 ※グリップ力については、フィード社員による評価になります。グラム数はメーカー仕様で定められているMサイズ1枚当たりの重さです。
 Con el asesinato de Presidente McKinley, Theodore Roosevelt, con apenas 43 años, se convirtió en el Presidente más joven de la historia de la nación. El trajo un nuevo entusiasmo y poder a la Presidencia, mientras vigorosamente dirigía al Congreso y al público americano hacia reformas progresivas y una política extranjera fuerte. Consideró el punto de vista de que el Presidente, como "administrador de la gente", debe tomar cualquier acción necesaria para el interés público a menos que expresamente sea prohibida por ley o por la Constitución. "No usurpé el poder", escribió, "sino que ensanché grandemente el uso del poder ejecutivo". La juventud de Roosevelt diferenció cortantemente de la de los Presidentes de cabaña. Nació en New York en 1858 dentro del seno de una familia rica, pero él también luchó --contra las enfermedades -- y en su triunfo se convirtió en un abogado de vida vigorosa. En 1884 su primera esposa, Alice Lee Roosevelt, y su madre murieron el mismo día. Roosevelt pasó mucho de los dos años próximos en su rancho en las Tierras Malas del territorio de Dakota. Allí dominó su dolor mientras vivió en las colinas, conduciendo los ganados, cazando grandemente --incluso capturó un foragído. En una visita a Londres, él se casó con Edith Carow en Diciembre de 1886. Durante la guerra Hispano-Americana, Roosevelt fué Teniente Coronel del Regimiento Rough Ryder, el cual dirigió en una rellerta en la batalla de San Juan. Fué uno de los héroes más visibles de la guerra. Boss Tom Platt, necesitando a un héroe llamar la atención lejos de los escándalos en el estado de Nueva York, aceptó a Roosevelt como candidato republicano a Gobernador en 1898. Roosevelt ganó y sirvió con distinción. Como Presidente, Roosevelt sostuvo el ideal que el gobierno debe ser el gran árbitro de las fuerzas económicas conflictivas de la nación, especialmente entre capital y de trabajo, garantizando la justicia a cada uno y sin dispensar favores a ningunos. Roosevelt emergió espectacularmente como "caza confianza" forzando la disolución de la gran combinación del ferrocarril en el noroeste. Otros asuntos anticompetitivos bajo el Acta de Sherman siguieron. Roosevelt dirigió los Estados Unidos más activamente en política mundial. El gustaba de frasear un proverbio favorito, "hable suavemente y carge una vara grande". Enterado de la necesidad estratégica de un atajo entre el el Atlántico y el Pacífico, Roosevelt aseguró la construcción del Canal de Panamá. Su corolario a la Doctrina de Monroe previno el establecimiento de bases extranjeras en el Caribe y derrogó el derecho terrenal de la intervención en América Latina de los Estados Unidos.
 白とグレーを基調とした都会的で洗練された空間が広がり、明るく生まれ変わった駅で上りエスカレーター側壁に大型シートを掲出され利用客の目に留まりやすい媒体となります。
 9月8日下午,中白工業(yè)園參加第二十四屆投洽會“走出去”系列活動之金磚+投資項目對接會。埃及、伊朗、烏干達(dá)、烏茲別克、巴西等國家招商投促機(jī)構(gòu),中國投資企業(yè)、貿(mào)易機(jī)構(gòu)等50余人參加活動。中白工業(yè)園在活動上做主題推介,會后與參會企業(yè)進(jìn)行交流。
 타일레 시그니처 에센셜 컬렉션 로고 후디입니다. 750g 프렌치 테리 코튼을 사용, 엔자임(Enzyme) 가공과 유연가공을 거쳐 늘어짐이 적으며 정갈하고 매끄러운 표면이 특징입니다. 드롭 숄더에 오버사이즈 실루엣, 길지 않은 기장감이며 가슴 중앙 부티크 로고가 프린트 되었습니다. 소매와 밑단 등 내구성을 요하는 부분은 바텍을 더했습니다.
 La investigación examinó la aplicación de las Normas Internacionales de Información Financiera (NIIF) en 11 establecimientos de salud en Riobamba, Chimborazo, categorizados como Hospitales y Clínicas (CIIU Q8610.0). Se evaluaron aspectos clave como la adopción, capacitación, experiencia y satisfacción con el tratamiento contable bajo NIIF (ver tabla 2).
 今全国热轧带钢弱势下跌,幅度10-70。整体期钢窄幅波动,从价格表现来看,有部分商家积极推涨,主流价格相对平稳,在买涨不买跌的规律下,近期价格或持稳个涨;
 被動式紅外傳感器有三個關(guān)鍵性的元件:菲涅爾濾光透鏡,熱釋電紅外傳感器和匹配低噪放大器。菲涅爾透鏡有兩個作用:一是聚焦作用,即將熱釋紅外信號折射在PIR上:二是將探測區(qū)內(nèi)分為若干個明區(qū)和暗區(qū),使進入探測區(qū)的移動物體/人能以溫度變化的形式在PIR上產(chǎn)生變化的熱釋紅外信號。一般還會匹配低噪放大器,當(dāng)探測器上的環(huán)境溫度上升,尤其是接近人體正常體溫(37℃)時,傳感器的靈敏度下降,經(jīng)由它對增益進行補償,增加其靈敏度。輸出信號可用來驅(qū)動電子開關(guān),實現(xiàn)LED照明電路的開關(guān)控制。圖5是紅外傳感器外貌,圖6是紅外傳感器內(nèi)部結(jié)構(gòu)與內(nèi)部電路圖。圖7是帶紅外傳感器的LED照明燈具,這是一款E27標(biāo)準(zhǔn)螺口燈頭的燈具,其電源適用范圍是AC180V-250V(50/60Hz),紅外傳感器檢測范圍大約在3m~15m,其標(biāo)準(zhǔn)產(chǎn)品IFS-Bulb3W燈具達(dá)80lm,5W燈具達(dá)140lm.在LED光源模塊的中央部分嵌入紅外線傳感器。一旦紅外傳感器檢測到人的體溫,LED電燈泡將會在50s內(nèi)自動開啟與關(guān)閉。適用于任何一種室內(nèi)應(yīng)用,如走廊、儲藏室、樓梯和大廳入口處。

## [Task objective]
Starting at the line that contains "白とグレーを基調とした都会的" and stopping after the line that contains "今全国热轧带钢弱势下跌,幅度", write out every line exactly as it appears above, and no other line.

## [Task solution]
 白とグレーを基調とした都会的で洗練された空間が広がり、明るく生まれ変わった駅で上りエスカレーター側壁に大型シートを掲出され利用客の目に留まりやすい媒体となります。
 9月8日下午,中白工業(yè)園參加第二十四屆投洽會“走出去”系列活動之金磚+投資項目對接會。埃及、伊朗、烏干達(dá)、烏茲別克、巴西等國家招商投促機(jī)構(gòu),中國投資企業(yè)、貿(mào)易機(jī)構(gòu)等50余人參加活動。中白工業(yè)園在活動上做主題推介,會后與參會企業(yè)進(jìn)行交流。
 타일레 시그니처 에센셜 컬렉션 로고 후디입니다. 750g 프렌치 테리 코튼을 사용, 엔자임(Enzyme) 가공과 유연가공을 거쳐 늘어짐이 적으며 정갈하고 매끄러운 표면이 특징입니다. 드롭 숄더에 오버사이즈 실루엣, 길지 않은 기장감이며 가슴 중앙 부티크 로고가 프린트 되었습니다. 소매와 밑단 등 내구성을 요하는 부분은 바텍을 더했습니다.
 La investigación examinó la aplicación de las Normas Internacionales de Información Financiera (NIIF) en 11 establecimientos de salud en Riobamba, Chimborazo, categorizados como Hospitales y Clínicas (CIIU Q8610.0). Se evaluaron aspectos clave como la adopción, capacitación, experiencia y satisfacción con el tratamiento contable bajo NIIF (ver tabla 2).
 今全国热轧带钢弱势下跌,幅度10-70。整体期钢窄幅波动,从价格表现来看,有部分商家积极推涨,主流价格相对平稳,在买涨不买跌的规律下,近期价格或持稳个涨;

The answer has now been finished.